Let H be an infinite-dimensional separable Hilbert space and suppose μ is a translation-invariant, locally finite measure on H with μ(H) > 0 (so μ is not the trivial measure). For any point x in H and any real r > 0, the notation B(x,r) denotes the open ball around x of radius r.

The first step is to show that for every positive r and every x in H, μ(B(x,r)) > 0. Suppose not, and fix x and r with μ(B(x,r)) = 0. Then, because μ is translation-invariant, μ(B(y,r)) = 0 for every point y in H. Now

H = \bigcup_{y \in H} B(y,r),

and so, because H is separable, there is a sequence (yi)iN of points of H such that

H = \bigcup_{i \in \mathbb{N}} B(y_i,r).

Thus,

\mu (H) \leq \sum_{i \in \mathbb{N}} \mu(B(y_i,r)) = 0,

contradicting the assumption that μ(H) > 0. This proves the first step.

Since μ is locally finite, there is an open set U of finite measure. Since μ is assumed to be translation-invariant, we may assume that U contains the 0 element of H. Thus, there is some positive real number r0 such that μ(B(0,r0)) is finite. Thus, in light of the first step, for any positive r < r0 and any point x in H, 0 < μ(B(x,r)) < +∞.

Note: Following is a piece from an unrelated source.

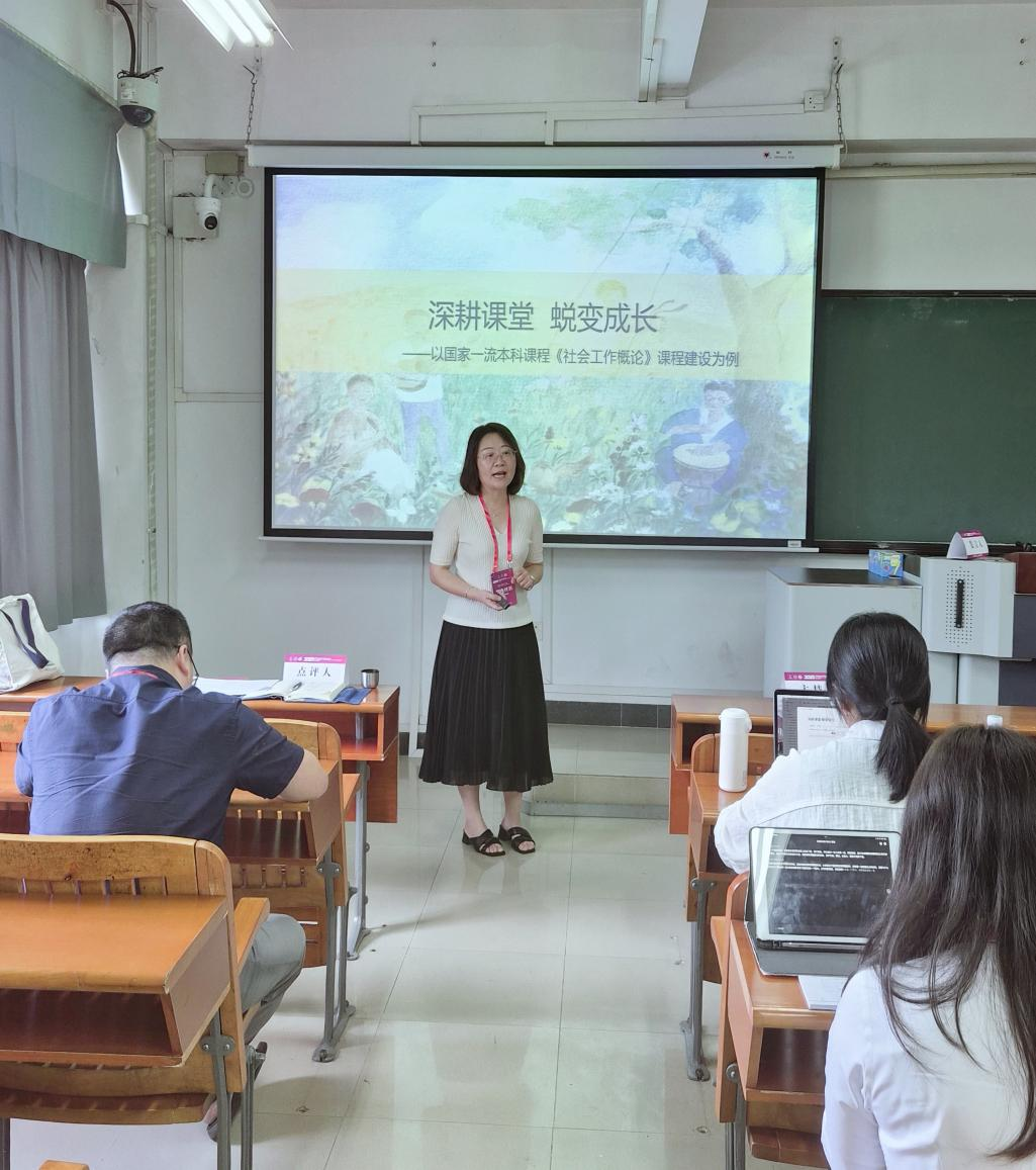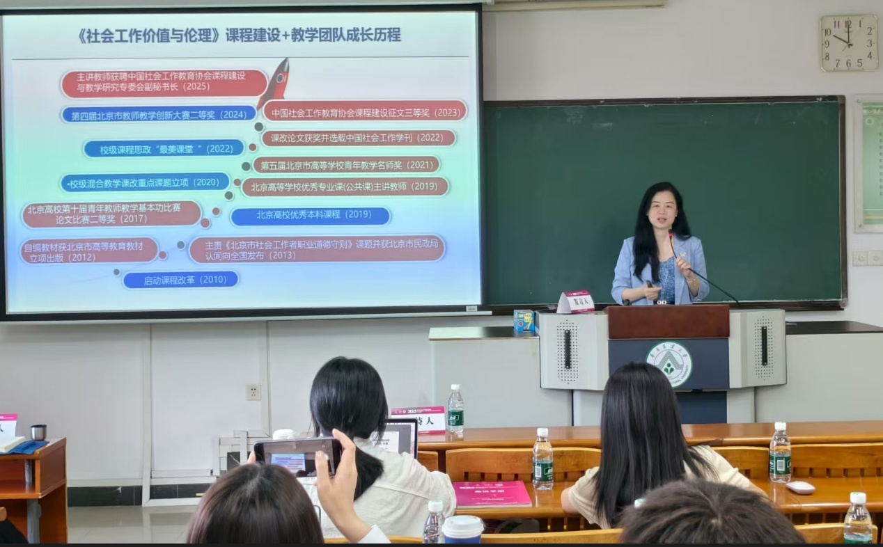 北京城市学院林霞教授作《<社会工作价值与伦理>课程“问题链驱动下进阶式混合教学”创新与实践》主题发言。林老师提出了“学生为本、行标为基、共同进阶”的创新理念,通过对课程“问题链”的设计,即课前激发学习动力、课中引导深度学习、课后巩固延展提升,进而帮助学生实现从理论认知到伦理判断能力提升的跃升,取得了显著的育人效果。

Let (ei)iN be a countable, orthonormal basis for H. Then, by the triangle inequality, for each ei,

B \left(\frac{r_0}{2} e_i, \frac{r_0}{4} \right) \subseteq B(\mathbf{0}, r_0).

Now, Pythagoras' theorem holds in any Hilbert space, and thus

d \left(\frac{r_0}{2} e_i ,\frac{r_0}{2} e_j \right) = \frac{r_0\sqrt{2}}{2}

for all distinct i and j. Because

\frac{r_0\sqrt{2}}{2} > 2 \frac{r_0}{4},

the balls B(r0ei/2, r0/4) and B(r0ej/2, r0/4) must be disjoint for all distinct i and j. Thus

\mu (B(\mathbf{0}, r_0)) \geq \sum_{i \in \mathbb{N}} \mu \left( B \left( \frac{r_0}{2}e_i, \frac{r_0}{4} \right) \right).

Because μ(B(r0ei/2, r0/4)) has the same nonzero value independent of i, the right-hand side of this inequality is +∞, and so μ(B(0, r0)) is infinite, contradicting the choice of r0.